• Activity: Write out the listing below in its entirety, minus the pictures, without changing a word.
*** Available data Section Begins ***
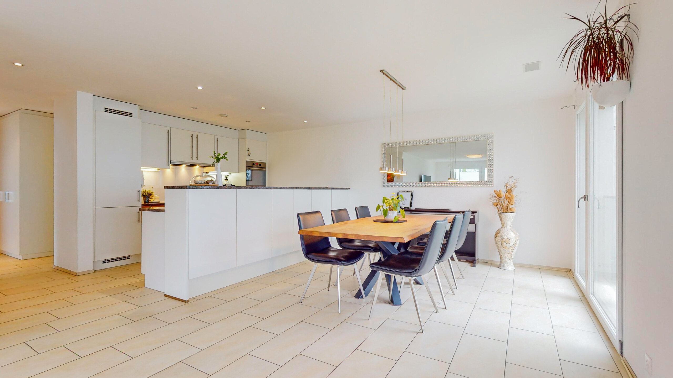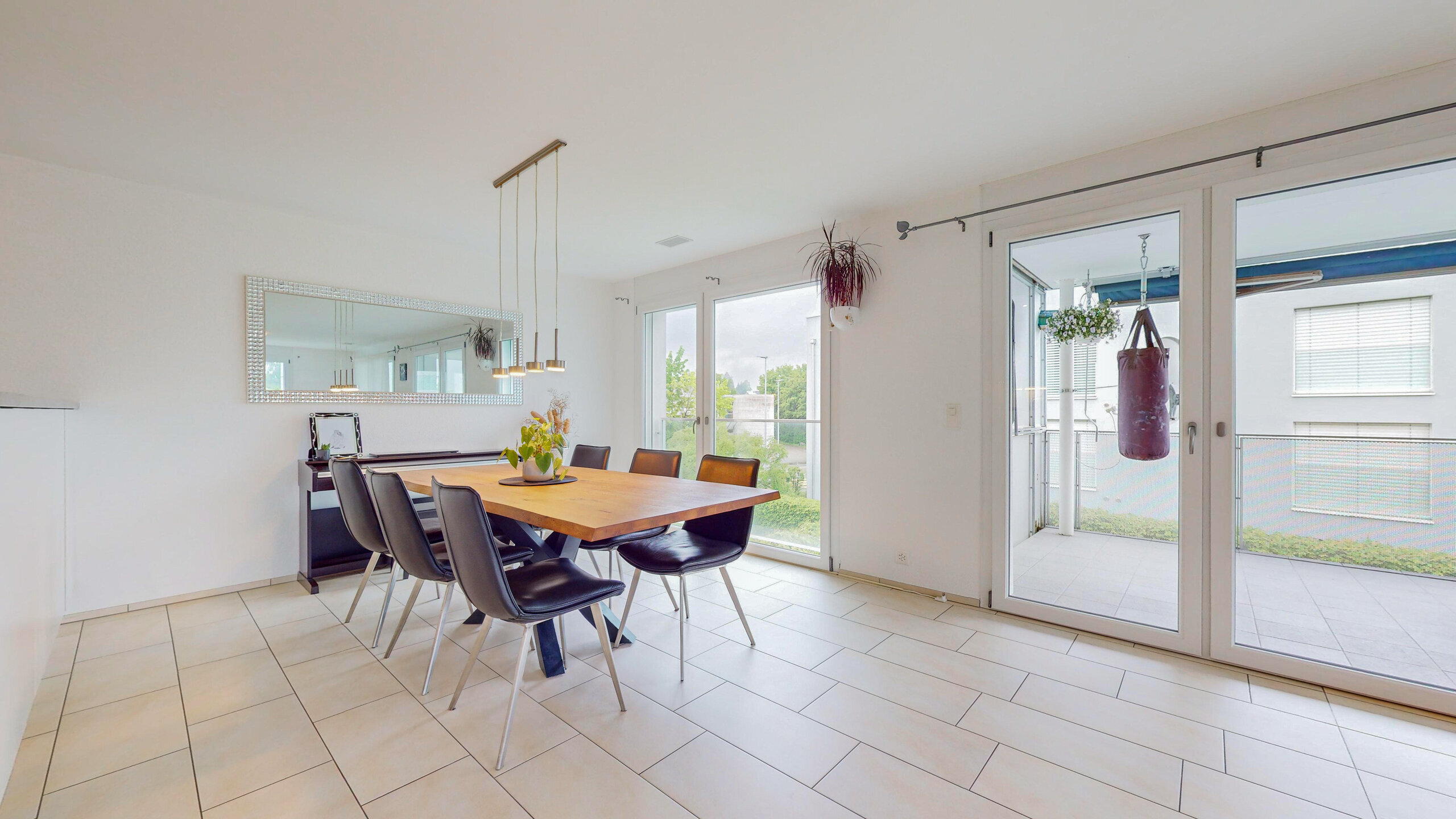 La luminosa, zona giorno e sala da pranzo con finestre a tutta altezza crea un’atmosfera inondata di luce e conduce alla zona pranzo con finestre a tutta altezza;e conduce direttamente sul grande balcone coperto di 21 m² perfetto per rilassarsi ore all'aria aperta.
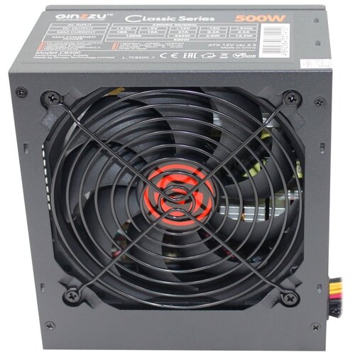 Блок питания Ginzzu CB500 12CM black,24+4p, PCI-E, 4*SATA, 3*IDE, оплетка MB, кабель питания
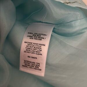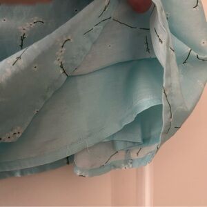 Charming sky blue blouse with ruffled front. Features subtle pattern and puff sleeves with smocked detail. Ideal for casual elegance. Cotton silk blend.
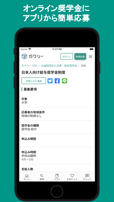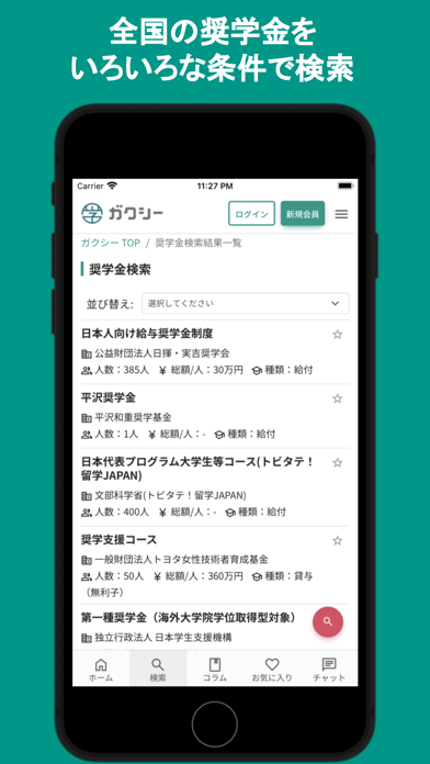 - 給付型奨学金が多数掲載。詳細を確認後、そのまま応募も行える
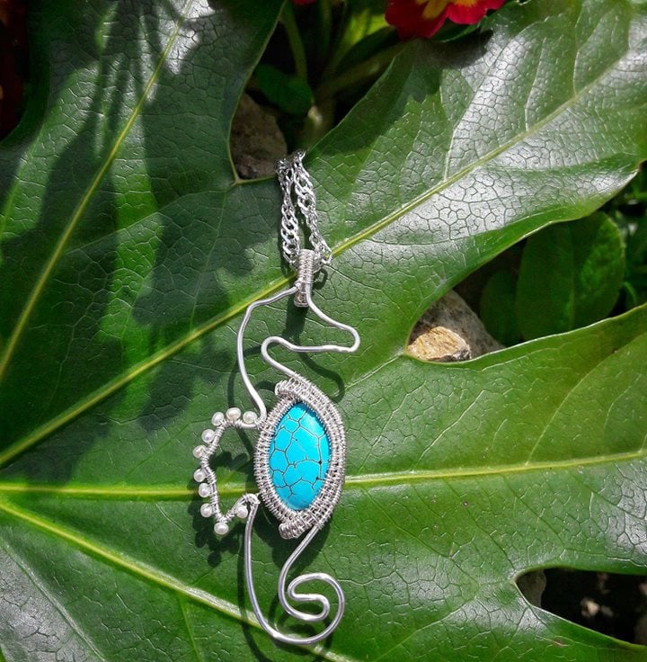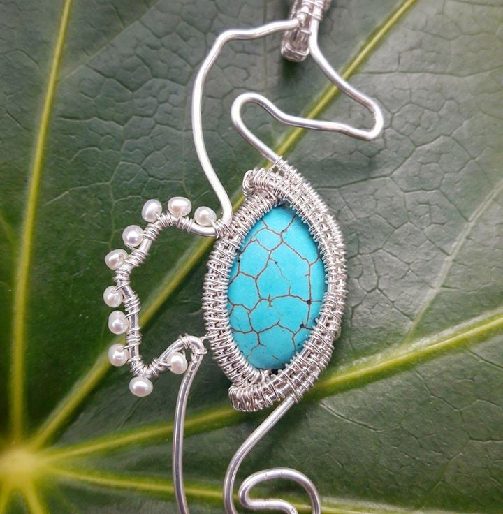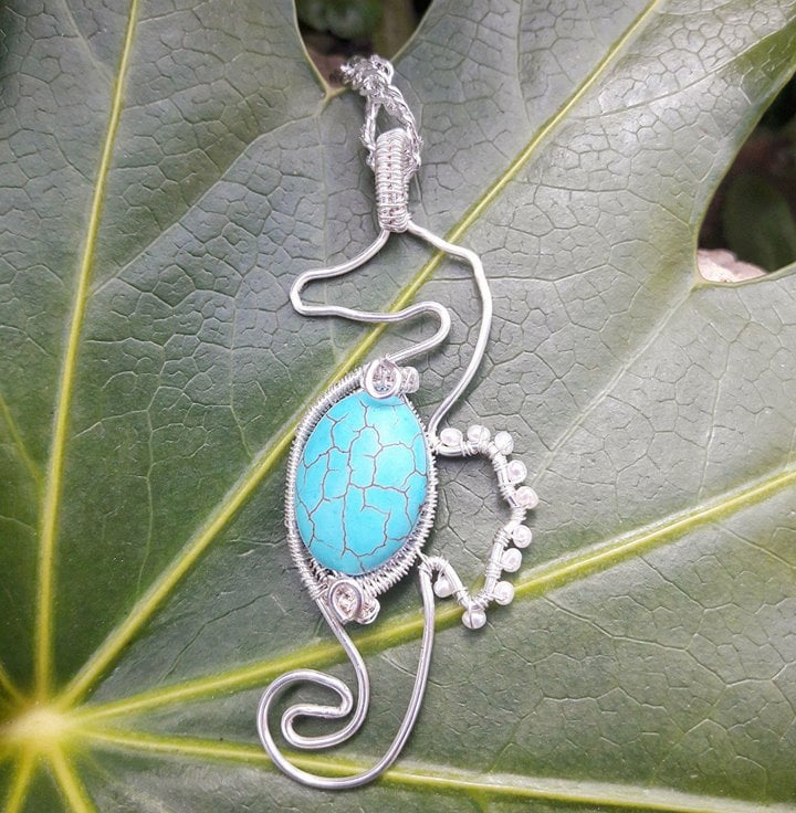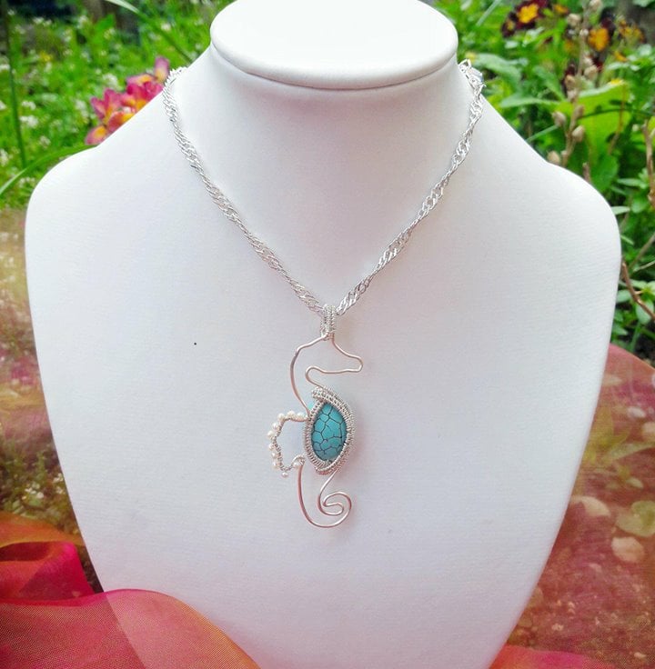 Handmade Wire work Seahorse with turquoise howlite and tiny Natural Seed pearls. I have created a decorative wire weave around the turquoise stone to make a focal point and the dorsal fin is edged with the seed pearls.
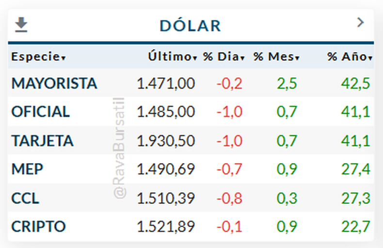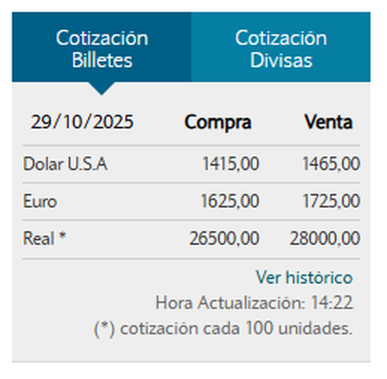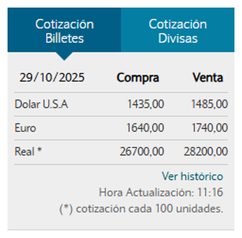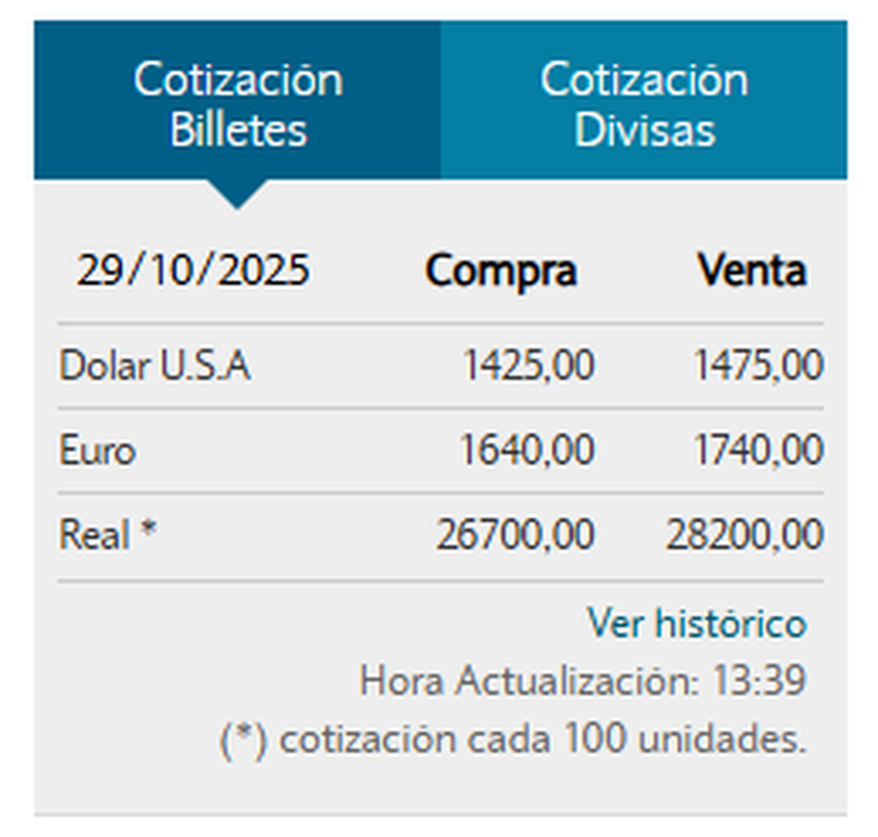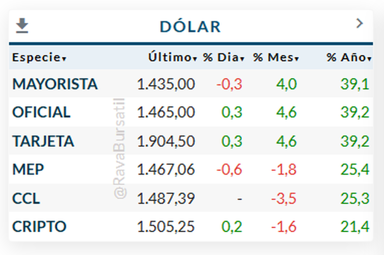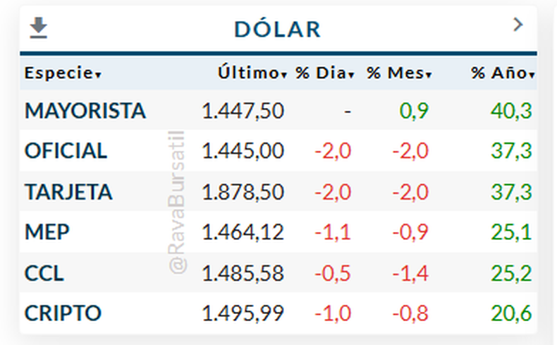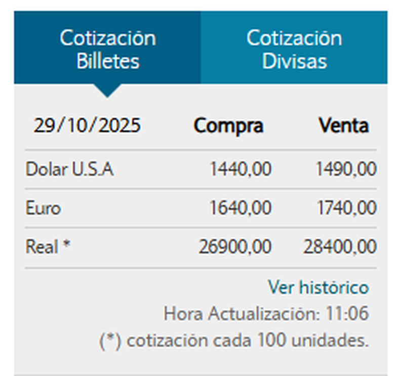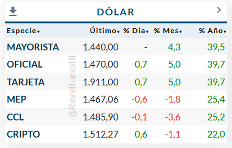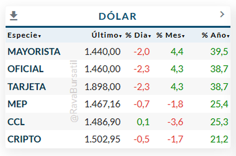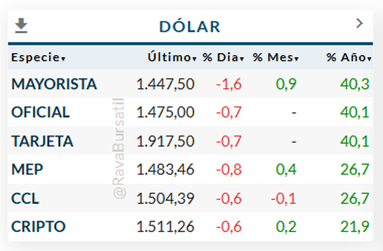 El dólar oficial y el dólar mayorista cotizan sin variaciones respecto del último cierre a $ 1.445 y $ 1.447,50, respectivamente. El techo de la banda está determinado por el Banco Central en $ 1.500,99 para este lunes.
*** Available data Section Ends ***
• Exercise result:
 La luminosa, zona giorno e sala da pranzo con finestre a tutta altezza crea un’atmosfera inondata di luce e conduce alla zona pranzo con finestre a tutta altezza;e conduce direttamente sul grande balcone coperto di 21 m² perfetto per rilassarsi ore all'aria aperta.
 Блок питания Ginzzu CB500 12CM black,24+4p, PCI-E, 4*SATA, 3*IDE, оплетка MB, кабель питания
 Charming sky blue blouse with ruffled front. Features subtle pattern and puff sleeves with smocked detail. Ideal for casual elegance. Cotton silk blend.
 - 給付型奨学金が多数掲載。詳細を確認後、そのまま応募も行える
 Handmade Wire work Seahorse with turquoise howlite and tiny Natural Seed pearls. I have created a decorative wire weave around the turquoise stone to make a focal point and the dorsal fin is edged with the seed pearls.
 El dólar oficial y el dólar mayorista cotizan sin variaciones respecto del último cierre a $ 1.445 y $ 1.447,50, respectivamente. El techo de la banda está determinado por el Banco Central en $ 1.500,99 para este lunes.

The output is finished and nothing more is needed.